Revisiting the Evaluation of Deep Learning-Based Compiler Testing

Authors: Yongqiang Tian, Zhenyang Xu, Yiwen Dong, Chengnian Sun, Shing-Chi Cheung

IJCAI 2023 | Conference PDF | Archive PDF | Plain Text | LLM Run Details

Reproducibility Variable Result LLM Response
Research Type Experimental Extensive experiments with more than 1,500 CPU-hours demonstrate that the state-of-the-art DLGs fail to compete against such a simple baseline: 3 v.s. 1,750 hang bugs, 1 v.s. 34 distinct compiler crashes.
Researcher Affiliation Academia 1University of Waterloo 2The Hong Kong University of Science and Technology
Pseudocode No The paper describes the mutation operations and workflows conceptually and with figures, but it does not provide any formal pseudocode blocks or algorithms.
Open Source Code Yes We make Kitten publicly available at https://doi.org/10. 5281/zenodo.7946825 to benefit future research on DLGs.
Open Datasets Yes Following existing DLGs [Cummins et al., 2018; Liu et al., 2019], we constructed a dataset using all the C files of the testsuite of GCC 11.2.
Dataset Splits No The paper describes the dataset used to train the program generators (DLGs) and as input for Kitten, but it does not specify explicit training, validation, and test splits for this dataset used in the reproduction of the experiment.
Hardware Specification No each generator is deployed on a unique GPU virtual machine on a cloud platform with the same configuration.

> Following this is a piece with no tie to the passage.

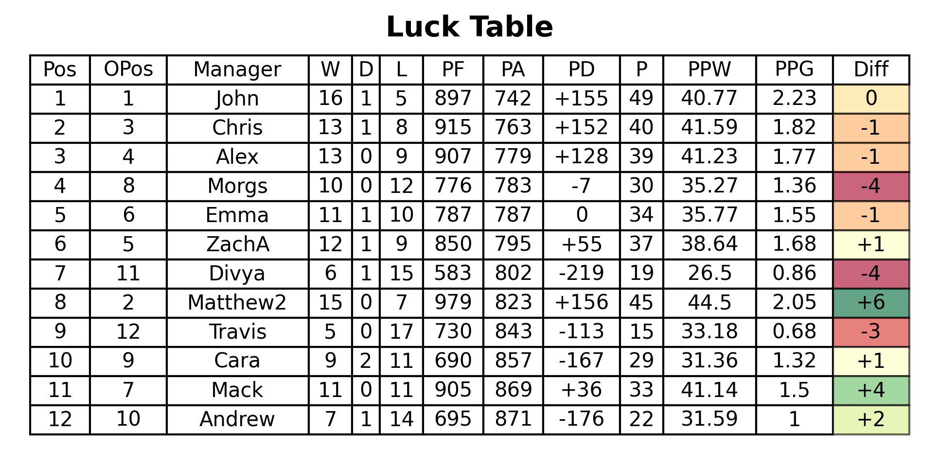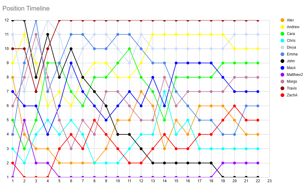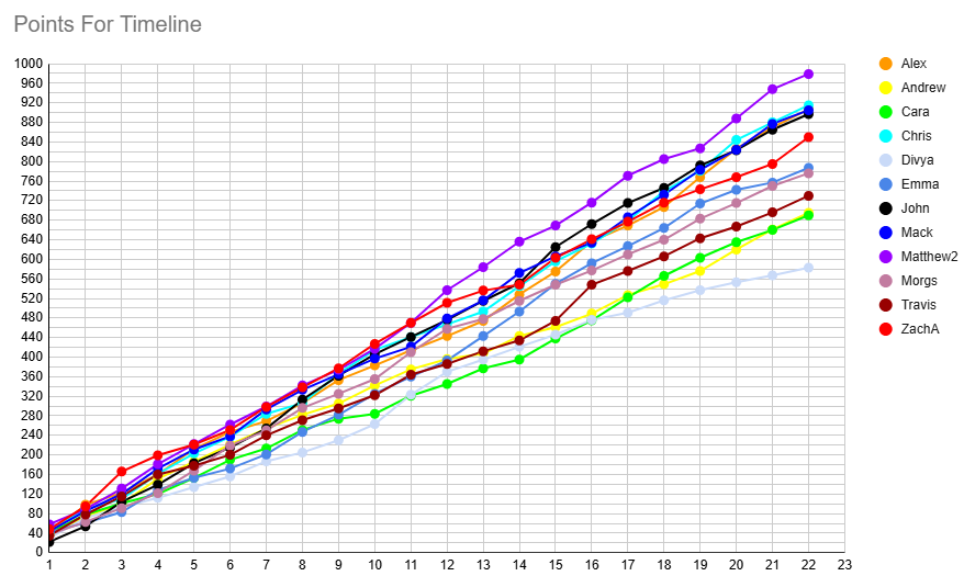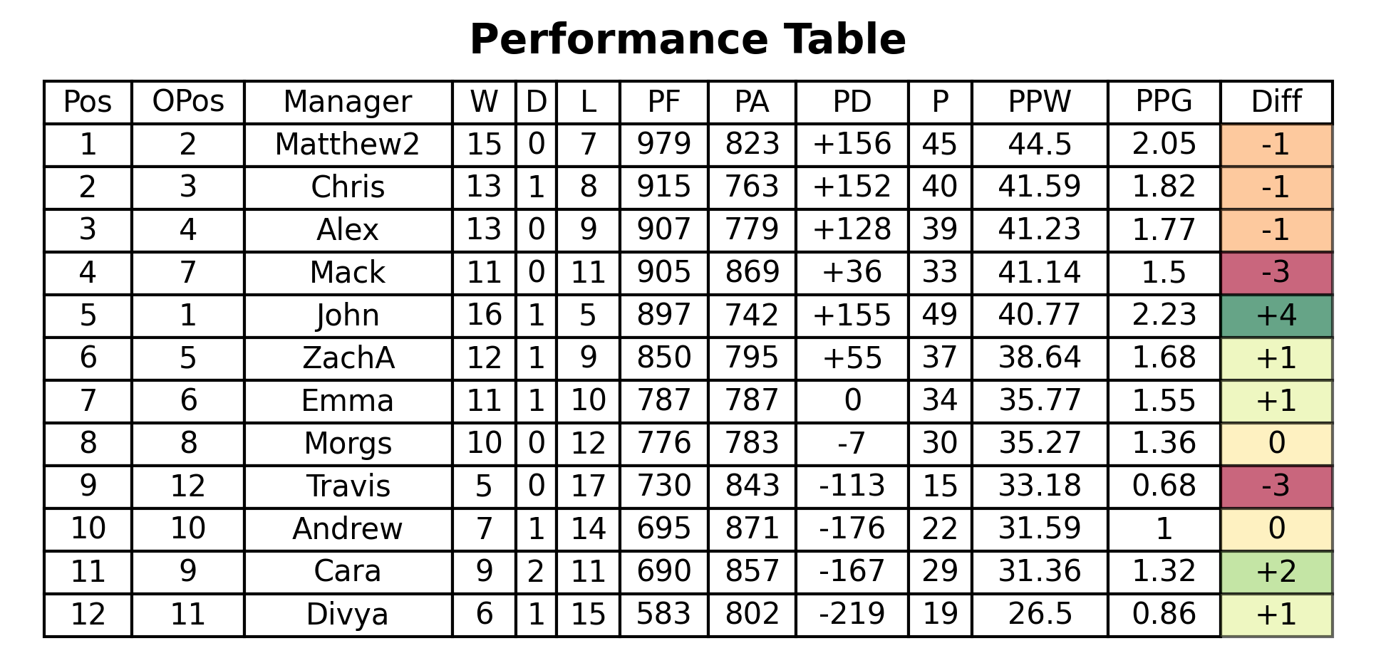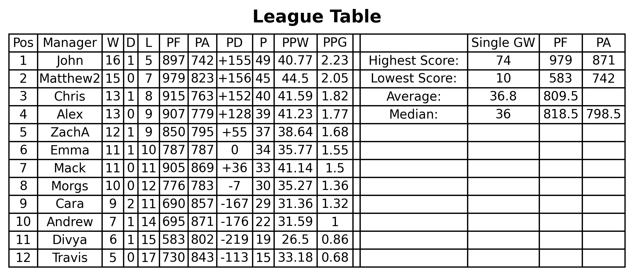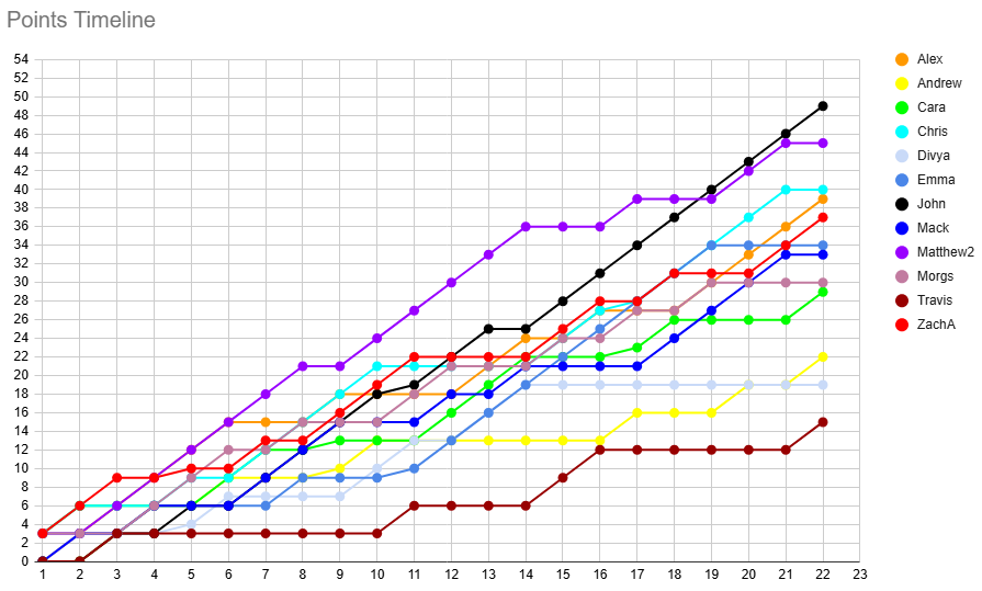 And in a week opposite of League A, nobody has moved on the table! Some notable movement points-wise includes John extending his lead at the top to 5 points, Alex cutting the gap between him and Chris to just a single point, with Zach 2 points behind him, and Cara moving to just 1 point behind Morgs!

The paper mentions 'CPU-hours' and 'GPU-hour' experiments but does not specify exact GPU models, CPU models, or cloud instance types.
Software Dependencies No The paper mentions 'GCC 11.2', 'Antlr', 'LCOV', and 'Perses' but does not provide specific version numbers for all key software components (e.g., Antlr, LCOV, or specific programming language versions/libraries).
Experiment Setup Yes We choose a longer duration, i.e. 72 hours, for a comprehensive evaluation. ... we used 120 seconds as the timeout threshold.